Across the United States, some 30 state or local funds provide investment capital to low-income housing developments. The National Association of State and Local Equity Funds ( NASLEF ), a professional nonprofit group formed in 1994 to promote greater understanding of affordable housing tax credits, has 22 members that have raised $4.2 billion in equity capital and created or rehabilitated more than 73,000 affordable housing units.

Great Lakes Capital Fund (Great Lakes) is one such NASLEF member. Since the fund's founding in 1993, Great Lakes has raised more than $850 million in investment capital and used this capital to create 12,000 affordable units in Michigan and Indiana. Building on its initial support from the Enterprise Foundation and the Enterprise Social Investment Corporation, the fund has developed a wide array of technical and financial services, including community and project planning, predevelopment financing, construction and permanent loans, and equity investments.

State and local equity funds, like Great Lakes, can play an important role in a bank's CRA compliance strategy. LIHTCs, as a component in a bank's compliance effort, enable the financial institution to spread its CRA investments efficiently across a large part of its service area. Investing in affordable housing through a fund also provides less experienced institutions with an important window into the real estate development process should they decide to make investments directly into tax credit projects.

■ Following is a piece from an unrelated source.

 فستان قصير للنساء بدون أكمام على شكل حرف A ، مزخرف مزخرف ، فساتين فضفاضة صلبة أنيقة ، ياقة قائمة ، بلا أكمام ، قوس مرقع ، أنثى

By their very nature, funds allow for financial institutions to funnel their investment dollars into the communities they serve.

A bank might also invest in LIHTCs through a fund with a "side-by-side" investment. If the bank is already an investor in a fund, this side-by-side would come in the form of an additional equity investment directly into a project, parallel to its investment through the fund. A bank could increase its investment in a specific project located in its assessment area in which it has a particular interest by providing a side-by-side investment of up to 49 percent with an equity fund (see the sidebar on Typical Side-by-Side Investment). As a current participant in a fund, this may allow a bank to achieve increased visibility and even greater CRA credit, while still relying upon the equity fund for underwriting and closing the investment and performing the long-term asset management function, including monitoring the project for compliance. Alternatively, a bank that has never participated in a fund may want to be a side-by-side investor in a local project included in a fund as a means to see how the fund is managed and to obtain CRA credit.

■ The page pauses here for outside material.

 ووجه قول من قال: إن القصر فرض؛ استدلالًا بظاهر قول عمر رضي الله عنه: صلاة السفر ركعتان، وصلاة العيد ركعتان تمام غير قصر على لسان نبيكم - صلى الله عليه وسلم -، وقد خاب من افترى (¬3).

In one typical example of a side-by-side transaction, Great Lakes recently committed an equity investment of almost $3.29 million to a 45-unit senior apartment complex in Grand Rapids, Michigan. Forty percent of that equity came from the community development corporation of a large commercial bank - which also provided a $1.08 million first mortgage on the project. The side-by-side structure has worked well for Great Lakes' investors. To date eight banks have participated in 32 such transactions, representing nearly 15 percent of all the fund's transactions.

Side-by-side investments such as these provide a bank with additional flexibility in the distribution of its investments. For example, a bank might identify a need for a higher level of investment in a given CRA assessment area than could be realized with the financial institutions' pro-rata share of the fund investment. It can make an additional side-by-side investment in a specific project in that CRA assessment area to meet its need, while still having the underwriting and asset management resources of the fund behind the project. By working with a fund, banks can proactively seek out investment opportunities with the support of the fund's network of developers.

A bank can go one step further and participate in the project by providing either construction and/or permanent financing. Regardless of how banks structure their LIHTC investments, these credits benefit the banks and the communities they serve.